The first day of the course provides an introduction to the theory and application of structural equation modeling. On the second day, we discuss several special topics that are often needed by applied users (handling missing data, nonnormal data, categorical data, longitudinal data, etc.). Hands-on sessions are included in order to ensure that all participants are able to perform the analyses using SEM software. The software used in this course is the open-source R package `lavaan' (see http://lavaan.org).
Part II
This course targets everyone who has had some exposure to either multilevel modeling and/or structural equation modeling, and who wants to deepen their understanding of both the theoretical and practical connection between the two frameworks. The course also targets everyone who wants to better understand the new multilevel SEM framework available in lavaan. Participants should have a solid understanding of regression analysis and basic statistics (hypothesis testing, p-values, etc.). At least some minimal knowledge of multilevel modeling and/or structural equation modeling is recommended. Because lavaan is an R package, some experience with R (reading in a dataset, fitting a regression model) is recommended, but not required.
Hierarchically clustered (multilevel or nested) data are common in most scientific fields, including the medical, biological and social sciences. For example, individuals may be nested within geographical areas, institutions, or companies, the canonical example being students nested within schools. Multilevel data also arise in longitudinal studies where one or several outcomes are measured on several occasions. Another feature of multilevel data is that variables can be measured at any level. For example, we may have collected measures of student outcomes and student characteristics, but we may also have collected variables at the school level.
This course starts with a refresher of multilevel modeling (MLM). We will discuss key concepts of MLM, introduce the linear mixed model, and provide several examples of univariate multilevel regression analysis. All analyses will be done in R, using a variety of packages (nlme, lme4, lavaan). Next, we will discuss the relationship between classic (single-level) regression, multilevel regression, and structural equation modeling (SEM). We will do this both from a theoretical point of view as well as from a software point of view. We will show how and under which conditions (classic, non-multilevel) SEM software can produce identical results as dedicated multilevel (or mixed modeling) software.
On the second day, we will introduce the multilevel SEM framework. We will start from a regression perspective, and gradually proceed from a simple regression analysis, to a two-level regression analysis, towards more complicated (regression) models, exploiting the full power of the multilevel SEM framework. Special attention will be given to multilevel mediation models, and the difference between the latent and manifest covariate approach to represent observed exogenous covariates at the between level. Next, we will take a latent-variable (CFA) perspective, and discuss various examples of multilevel CFA, and eventually multilevel SEM involving latent variables and regressions among latent variables. Here, special attention will be given to the interpretation of the latent variables at both the within and between level, together with a typology of possible approaches. Along the way, we will discuss many practical issues including the role of centering, the treatment of missing and/or non-normal data, and how to deal with categorical data. Finally, we will discuss some alternative approaches to handle clustering in the data in a SEM framework, including the design-based (survey) approach, and the 'wide format' approach.

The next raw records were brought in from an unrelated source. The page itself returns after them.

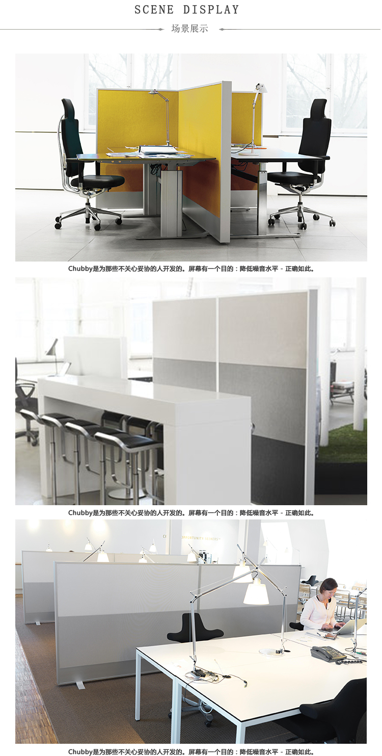 由于厚度为88毫米,Chubby可作为音障。它提供高达15 dB的声音降低!换句话说,一个非常好的吸声器,可以减少从一侧到另一侧的噪音。屏幕有多种类型; 有或没有玻璃,在同一个屏幕上有一个或多个面板。框架由阳极氧化铝制成。屏幕内有电缆准备好的通道。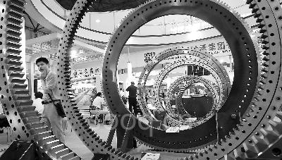 7月8日快讯,第六届亚洲国际风能设备展览会在北京中国国际展览中心开幕,来自22个国家和地区的445家企业同时参展。图为中国大连冶金轴承集团有限公司以庞大的阵容展出大型风能发电机一系列的轴承齿轮,令观众惊叹不已,赞不绝口。
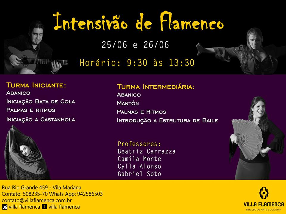Mais uma novidade na Villa Flamenca: Teremos um Intensivão de Flamenco no final de semana do dia 25 e 26 de junho. Serão dois dias de muito aprendizado e diversão.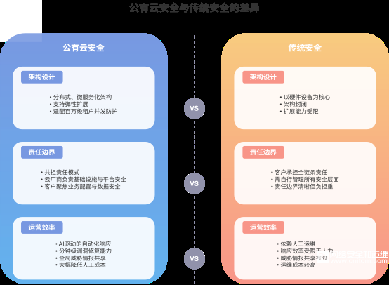 公有云安全通過AI驅動的自動化響應(如分鐘級漏洞修復)、全局威脅情報共享,大幅降低人工成本;傳統安全依賴人工運維,響應效率受限于人力與經驗。

The main software used in this course is the open-source R package `lavaan' (see http://lavaan.org).
Language: English
Exam: Project assignment optional, only for participants who follow both parts.
Dates and times:
Part I: February 7 and 8, 2022, from 9 am to 12 pm and from 1 pm to 4 pm
Part II: May 23 and 24, 2022, from 9 am to 12 pm and from 1 pm to 4 pm
Total course length: 24 hrs (12+12).
Registration fees:
- Private sector: Part I: € 720, Part II: € 720
- Non-profit: Part I: € 540, Part II: € 540
- Students, job seekers, retirees: Part I: € 245, Part II: € 245
- Staff UGent: Part I: € 460, Part II: € 460
- Students UGent: Part I: € 210, Part II: € 460
Inschrijven
M8-High Dimensional Data Analysis
This course targets professionals and investigators from all areas that are high-dimensional. Course prerequisites are ready at hand knowledge of basic statistics: data exploration and descriptive statistics, statistical modeling, and inference: linear models, confidence intervals, t-tests, F-tests, anova, chi-squared test, such as covered in M2: Introductory Statistics with R (or SPSS), M5: Analysis of Variance with R (or SPSS) and M12: Applied Linear Regression) of this years' course program.

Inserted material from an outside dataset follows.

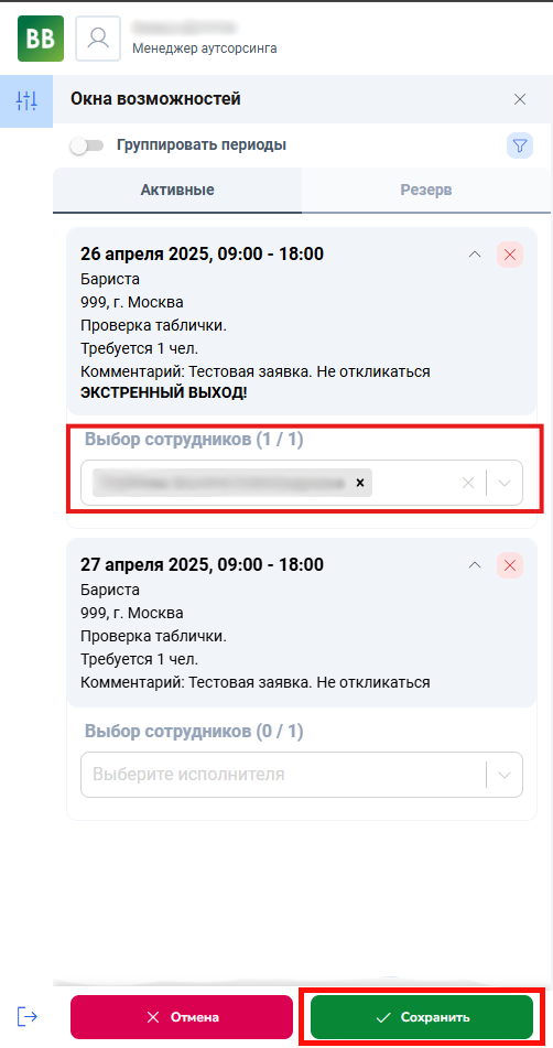 После выбора сотрудника Нажмите "Сохранить". После сохранения в графике будут созданы соответствующие выходы, а помощник розницы сможет в своем интерфейсе ознакомиться с откликами на созданные им окна возможностей. Если заявка была закрыта частично, она останется в списке активных для донабора оставшихся исполнителей.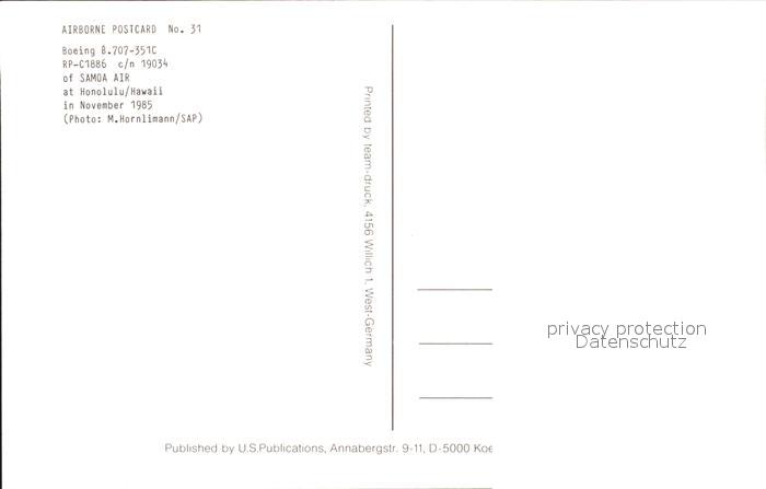 Flugzeuge Zivil Samoa Air Boeing B-707-351C RP-C1886 c/n 19034 postalisch nicht gelaufen Erhaltung siehe scans

Modern high throughput technologies easily generate data on thousands of variables; e.g. health care data, genomics, chemometrics, environmental monitoring, web logs, movie ratings, …
Conventional statistical methods are no longer suited for effectively analysing such high-dimensional data.

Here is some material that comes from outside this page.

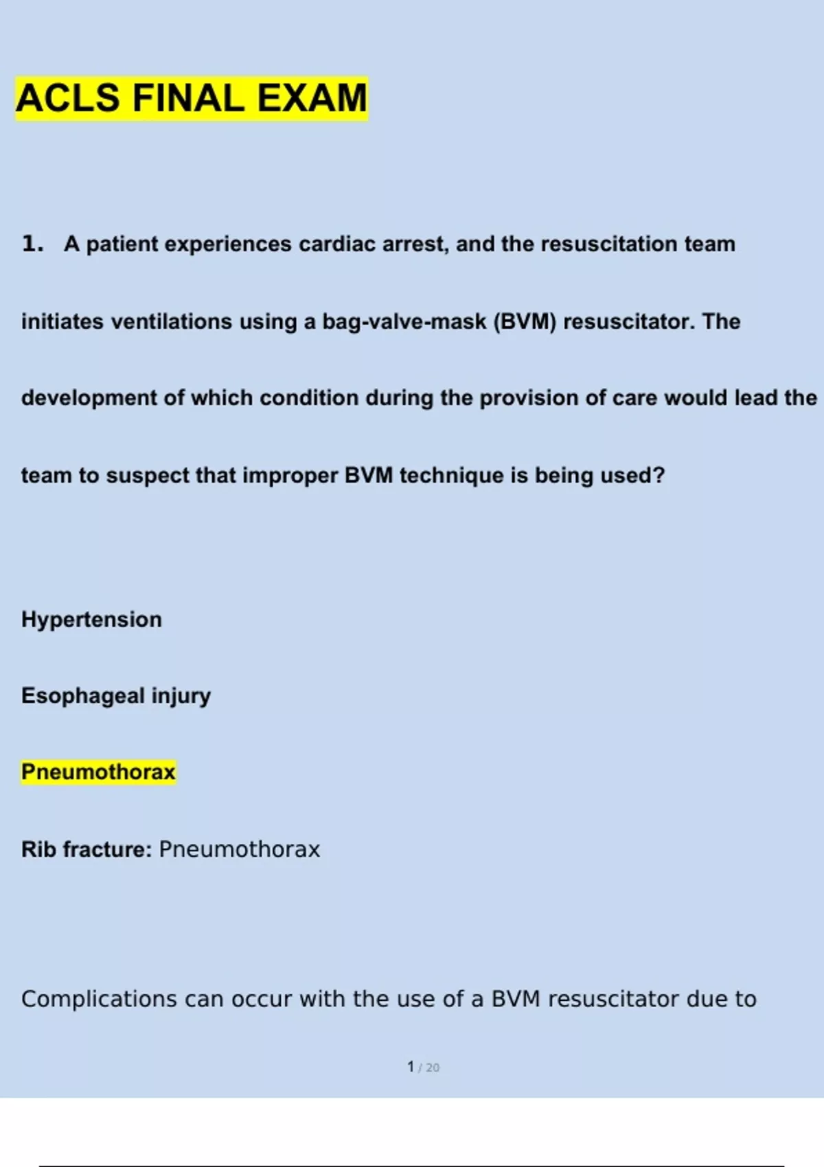 ACLS Final Exam (2023/2024) Newest Questions and Answers (Verified Answers)

Multivariate statistical methods may be used, but for often the dimensionality of the data set is much larger than the number of (biological) samples.
Modern advances in statistical data analyses allow for the appropriate analysis of such data.
Methods for the analysis of high dimensional data rely heavily on multivariate statistical methods.
Therefore a large part of the course content is devoted to multivariate methods, but with a focus on high dimensional settings and issues.
Multivariate statistical analysis covers many methods. In this course a selection of techniques is covered based on our experience that they are frequently used in industry and research institutes.
The course is taught using case studies with applications from different fields (analytical chemistry, ecology, biotechnology, genomics, …).
Content:
1. Dimension reduction: Singular Value Decomposition (SVD), Principal Component Analysis (PCA), Multidimensional Scaling (MDS) and biplots for dimension-reduced data visualisation
2. Sparse SVD and sparse PCA
3. Prediction with high dimensional predictors: principal component regression; ridge, lasso and elastic net penalised regression methods
4. Classification (prediction of class membership): (penalised) logistic regression and linear discriminant analysis
5. Evaluation of prediction models: sensitivity, specificity, ROC curves, mean squared error, cross validation
6. Clustering
7. Large scale hypotheses testing: FDR, FDR control methods, empirical Bayes (local) FDR control
Language: English
Exam: Project assignment
Dates and times: February 7, 10, 14, 17, 21 and 24, 2022, from 5.30 pm to 9.30 pm
Total course length: 21 hrs
Registration fees:
- Private sector: € 1110
- Non-profit: € 835
- Students, job seekers, retirees: € 375
- Staff UGent € 710
- Students UGent € 320
Inschrijven
M9-Getting Started with NVivo for Qualitative Data Analysis
This module targets young researchers and data analysts who are new to qualitative research and curious about NVivo.There are no course prerequisites for this course.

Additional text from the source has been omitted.